The World, France, blogging, me, and the rest…

How to harness unexpected traffic?

 

Back in the days, when one of my blogs had a traffic spike coming from something unexpected, I’d just be ecstatic about it, and think no further.

But that was back in the days.

Since then, I have learned about SEO and I’ve been trying to apply that new-found knowledge to my blogs.

I’m no SEO expert and would never pretend otherwise. It’s just that nowadays I usually know what I’m doing in terms of trying to generate traffic on a blog. At least I hope I do.

For example, concerning my blogs about Japan, whether it is ogijima.fr or setouchiexplorer.com, I know I will never rank for the big keywords, and I’m not even trying to. These blogs are niche blogs, not many people care about Kagawa and the Seto Inland Sea, and I know that I will never draw huge crowds (however, I still hope to rank well for Takamatsu and Naoshima one day, those two keywords could bring me consequent traffic).

While they remain small blogs, my strategy (trying to rank well on as many long tail keywords as possible) seems to be working.

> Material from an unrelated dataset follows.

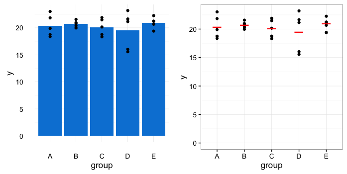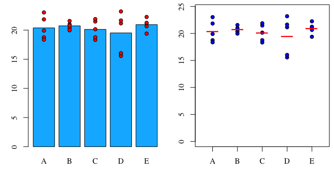 points(rep(x, table(dat$group)), dat$y[order(dat$group)], pch=21, bg="red")

Traffic has been increasing slowly bu steadily for the past few months.

My www.davidplusworld.com blog on the other hand, I’m still trying to figure out what the best strategy is, although right now I think simply posting more and doing more link building are the best things I could do.

However, once in a while I have unexpected sources of traffic, but I’m still not sure how to use them to really improve the numbers of my readership. This is what this post is about basically.

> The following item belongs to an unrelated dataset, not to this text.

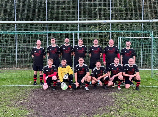 Es wurde eine Spielzeit von 2x 40 Minuten vereinbart und das Spiel startete sehr dynamisch und mit intensivem Druck auf die Ballführer. Beide Seiten schenkten sich nichts und es war klar das hier wir kein Spaziergang. Unsere Offensive lief jedoch den Gegner schon sehr früh an. Panos, Bartosz und Olli (später auch Malik) waren für den Gegner unangenehm zu verteidigen. Bartosz hatte dann auch nach wenigen Minuten mit einem Schuss gegen den Pfosten die erste Tormöglichkeit. Der Gegner kam anfangs kaum aus seiner Hälfte heraus, weil auch unser Mittelfeld mit Kai, Danny, Fredi und Guido die Bälle abfangen konnte. So fiel auch schon nach 12 Minuten das erste Tor, nach Vorlage von Panos auf Bartosz, der cool einnetzte. Die Boostedter waren aber nicht geschockt, sondern zeigten jetzt, dass sie einen gepflegten Fußball spielen können und kamen immer wieder vor unser Tor oder holten einige Ecken heraus. Aber meist war spätestens Schluss bei Toto, Marcel und Rouven die ein Abwehrbollwerk bildeten. Trotzdem musste Hamo im Tor einige Fernschüsse ablenken und auch nach Ecken klären. Gegen einen Schuss in der 20. Minute vom 16er ins linke obere Eck war aber auch er dann machtlos. Im direkten Gegenzug, kurz nach dem Anstoß, trifft Olli, in der 23. Minute, nach Vorlage von Panos mit Wucht ins gegnerische Tor. So ging es mit 2:1 für uns in die Halbzeit.

Let’s see two real examples that happened recently.

The World’s Most Expensive Bonsai!

 

Last Fall, I posted a picture of a bonsai that sold for pretty much $1 million in Takamatsu during the Asia Pacific Bonsai Convention that was being held there. I titled it “The Most Expensive Bonsai in the World?” and I moved on soon after, i.e. I didn’t do any for that special post, it was just one among many posts on my blog that consists in a single picture and two or three lines of text is not less.

Except that for some reason, it now ranks number one on google for the title keyword! My Japan blogs don’t even always rank number one for the keyword “ogijima”.

So, I get a couple of dozens of visits a day on that post, as it’s constant traffic, those numbers add up and the post is now one of the most popular posts on the blog. The only problem is that I’m not sure how to make those visitors stick and come back for more. I assume that most of them are into bonsai and I pretty much never talk about bonsai on my blog.
In other words, I’m not too sure that I can turn those unexpected visitors into regular readers. I just hope that some of them are interested in more things about Japan than just Bonsai.
I believe that there is a better and more proactive solution than just hoping. I haven’t found it yet.

Kim Spradlin’s Picture

 

As you may know I also have a blog about Survivor. Yes, the reality tv show on CBS. That Survivor. The traffic for this blog is pretty interesting as it unsurprisingly follows the broadcasting of the show. In other terms, when there is no new episode on TV, the traffic is very sluggish, rarely more than 10 people in the day (I don’t expect more either on these days) and on days that follow a new episode, traffic goes above 100 easily. Not a huge number, but a quite consequent one considering that I don’t do any link building for this blog. I just get some help from some influential Survivor bloggers who happen to read my blog and mention it in theirs.

However, on the day after this season’s finale the traffic spiked to almost 3000 visits! I couldn’t believe it.

 

 

Looking at analytics, the mystery didn’t stay a mystery very long. It just so happened that the picture on my blog of this season’s winner, Kim Spradlin, was number one on Yahoo!
I didn’t even think some people still used Yahoo for search…

While the blog’s numbers of followers on Twitter and Google+ slightly increased that day, I can’t really tell if I have gained some new regular readers, especially because as the season has ended and there won’t be any new episode until September, there won’t be many new posts either. However, I always post once or twice during the summer to make sure the blog doesn’t stay too dormant too long. We’ll see then.

However, the main issue here is that I always overlook traffic from other search engines than Google. And maybe that’s not a good thing. While the huge majority of search traffic comes from Google, some also come from Yahoo and Bing (and other search engines), and I was thinking that ranking number on those minor search engines may not be as hard as it can be with Google (less competition) and it still could generate an important amount of traffic, especially for small blogs like mine.

I see two potential problems here though.

The first one is pretty practical. I simply don’t have time to learn how to rank on several search engines.
The second one: Could changing and formatting things on my blogs to rank better on those search engines hurt my rankings on Google, as algorithm and such are different?

To all of those questions I don’t have any answer. I just wanted to share them with you, why not to generate an interesting discussion. Although, that’s assuming I have regular readers on this blog who are interested in SEO, which is less than certain.
Those were just two examples, but maybe you have more unexpected traffic examples, and maybe you even know how to harness this traffic to convert it into regular readers.
Don’t hesitate to share your thoughts and experiences in the comment section.